I tempi cambiano a velocità esponenziali. Cambiano mestieri e saperi; cambiano le relazioni interpersonali, tra sessi e generazioni. All’origine, la moderna rivoluzione tecnologica e la grande fretta introdotta nella vita di tutti noi. Il tema ha ispirato Cristina Comencini — sceneggiatrice, regista cinematografica, autrice di romanzi e di drammaturgie – che dal suo lavoro “La scena”, del 2015, ha tratto per Enfi Teatro e Teatro Stabile del Veneto la pièce “Tempi Nuovi”, attualmente in tour per l’Italia.
Dal 10 al 15 aprile ha fatto tappa al Nuovo di Verona, dove noi l’abbiamo vista a chiusura della rassegna “Il Grande Teatro”.
L’atmosfera è satirica, ironica, comica e parodistica; e si ride. Ma la sostanza ci è sembrata molto amara. Alla fine, si esce riflettendo e domandandosi – con una punta, almeno da parte nostra, di nostalgia – se valori di spessore meritavano di essere sacrificati sull’altare della fretta (più che della velocità) e della superficialità (più che della sintesi). Progresso o regresso? Evoluzione o involuzione? O, addirittura, autodistruzione? Questi gli interrogativi che la Comencini, attenta osservatrice della nostra società e delle sue problematiche, pone, inquietanti, sotto l’apparente goliardica leggerezza della scrittura e della regia.
Di fatto, si rappresenta la distruzione di una famiglia tipo di cultura medio-alta (padre scrittore, madre giornalista) portatrice di saperi e “mestieri” privilegiatamente qualificati, al momento del confronto/scontro – sia pur con modalità soft, garbatamente borghesi — con la nuova generazione. Un figlio studente che ignora passaggi fondamentali della nostra storia, come la Resistenza, e una figlia che, alla vigilia del matrimonio, lascia il fidanzato quasi marito per unirsi a una compagna con la quale ha deciso di avere un figlio, concepito ricorrendo alla banca del seme.

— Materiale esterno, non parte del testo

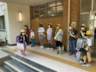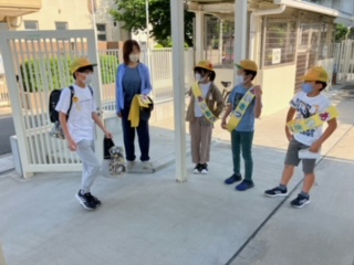 ユネスコ委員会が正門と西門に分かれて、あいさつをしています。
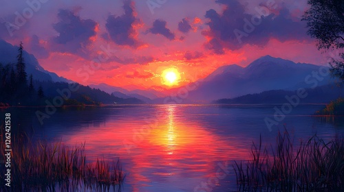 © Hanna, Fototapeta premium Colorful Sunset Over Tranquil Lake Surrounded by Majestic Mountain Peaks
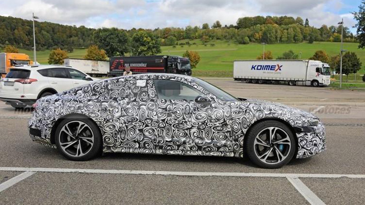 外观部分,从谍照中我们可以看出,新车与此前曝光的预告图基本一致,前脸部分新车采用了封闭式的前格栅设计,并且将与两侧的前大灯相连。车身侧面新车采用了溜背式的造型设计,并且配备的蓝色的刹车卡钳,为整车营造了很好的运动效果,车辆尾部新车看起来与保时捷Panamera (配置|询价)十分相似,预计也将采用贯穿式尾灯。
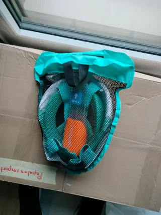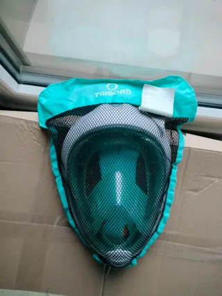 Careta de buceo completa, ideal para explorar el mundo submarino. Viene con su propia bolsa de malla para facilitar el transporte y el secado. - Color turquesa. - Bolsa de malla incluida.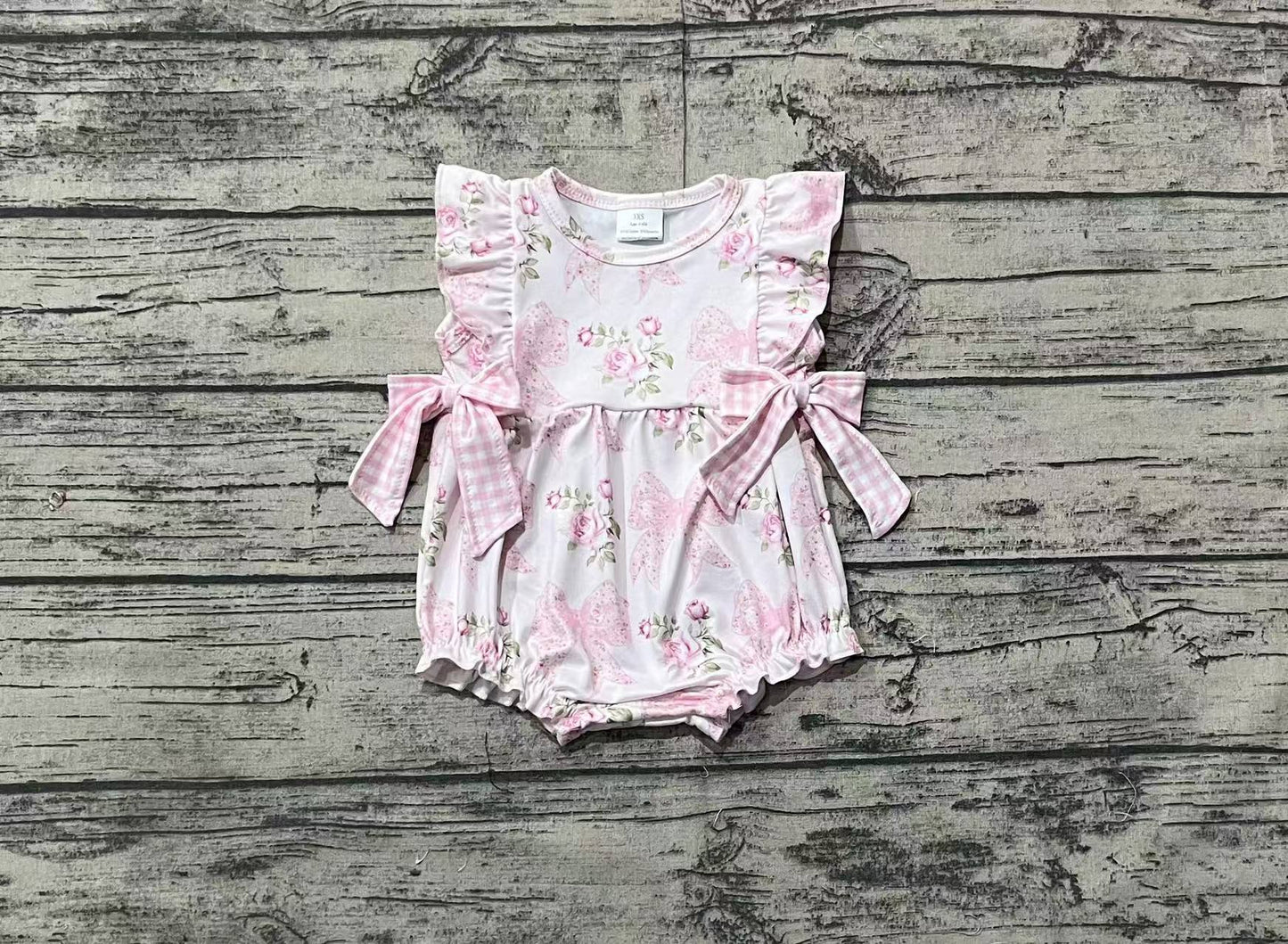 Baby Infant Girls Pink Flowers Bows Rompers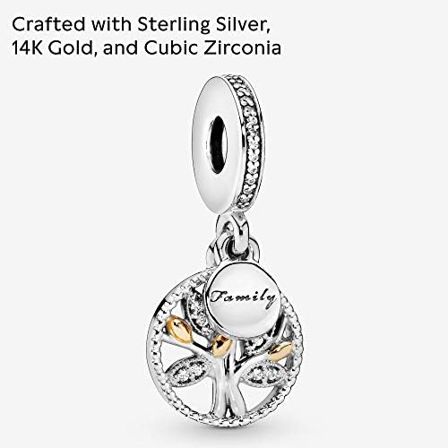 Family Heritage: A beautiful representation of how families are connected through many generations. Created with sterling silver, cubic zirconia stone-encrusted leaves and genuine 14k gold details, PANDORA's lovely family tree dangle charm is the perfect token of family love Compatible with PANDORA Moments: PANDORA Moments is a way to say something about who you are through every charm and bracelet you choose and how you choose to wear it Features CZ: Cubic zirconia could be said to be the jewel in PANDORA's crown, making up the majority of stones we use in our jewelry because it optically looks like a diamond 14k Gold & Sterling Silver Jewelry: Silver is known for its soft, white surface and is PANDORA's signature metal, with the majority of our jewelry created from it while our 14k gold creates a radiant and luxurious golden shimmer to our jewelry Official PANDORA: This authentic piece of PANDORA jewelry is ready to gift to your loved ones on Mother's Day, Christmas, birthdays, anniversaries, or any special occasions with an official PANDORA gift box #347,830 in Clothing, Shoes & Jewelry ( ) #915 in #24,998 in #25,036 in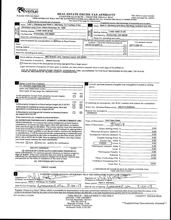 | 1 | 09/23/2008 | 5 | DNU - Marriage License/Name Change | BISHOP, DOUGLAS L | HOLMES HARBOR EXECUTIVE, LLC, | | | $0.00 | 82819 | 4239913 |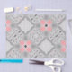 Beautiful tissue paper design featuring pink, white and black ornaments on a bright grey background.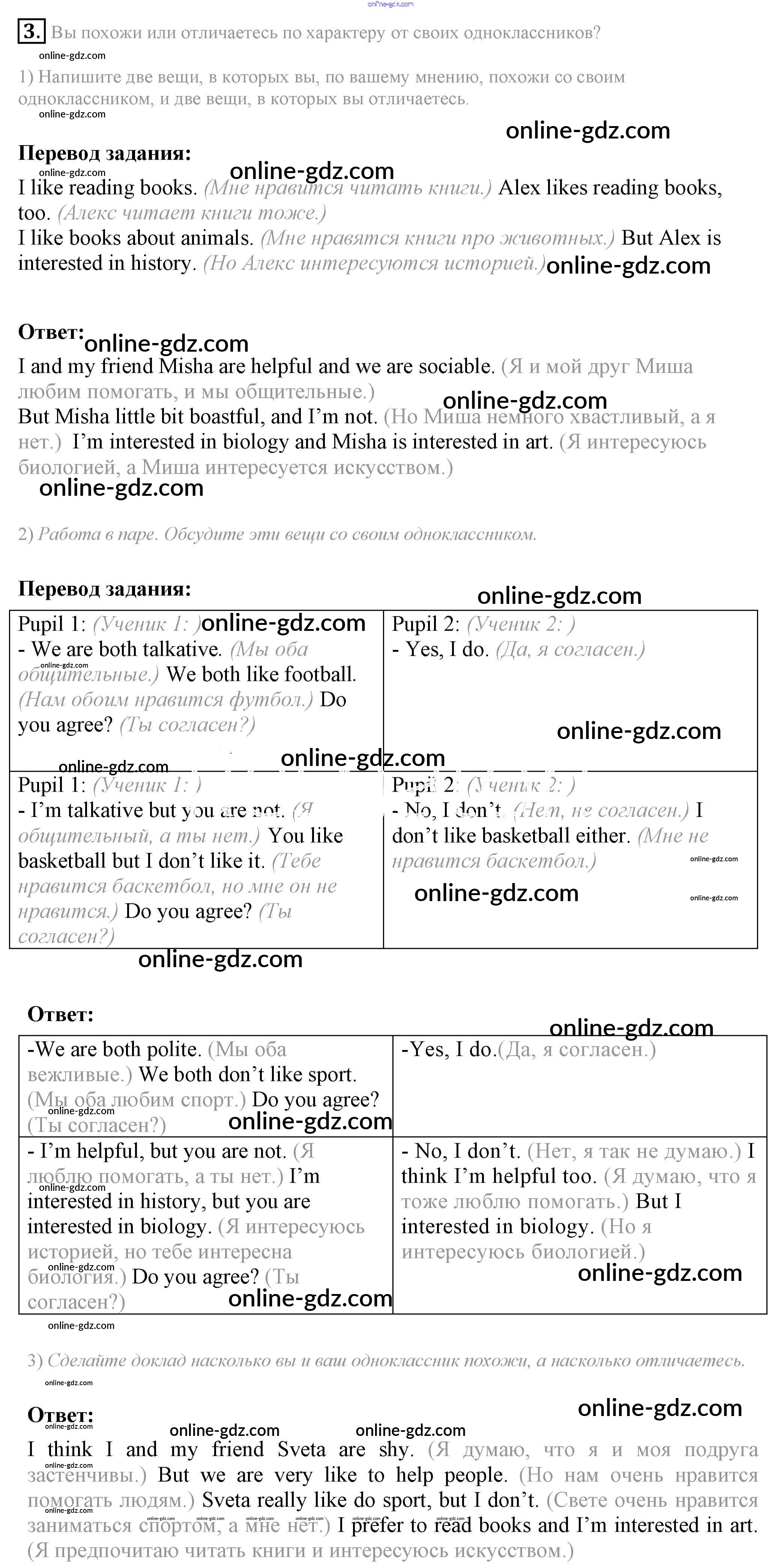 Готовые домашние задания по Английскому языку за 6 класс Учебник Кузовлев, Лапа Академический школьный учебник 2014 - Lesson 1 Unit 2. What are you like? 3

Nello stravolgimento famigliare, chi era più “passatista”, come il padre Giuseppe, diverrà addirittura più “dipendente” degli altri dalla vincente tecnologia: il vituperato telefonino e il web; mentre dalla scena, di Paola Comencini, i numerosi libri (simbolo di una ricerca approfondita e “senza fretta”) con i quali egli viveva pressoché in simbiosi, significativamente scompaiono fino all’ultima pagina.
Giuseppe si dichiarerà, inoltre, felicemente nonno di un nipotino che, per padre, ha soltanto un “semino”.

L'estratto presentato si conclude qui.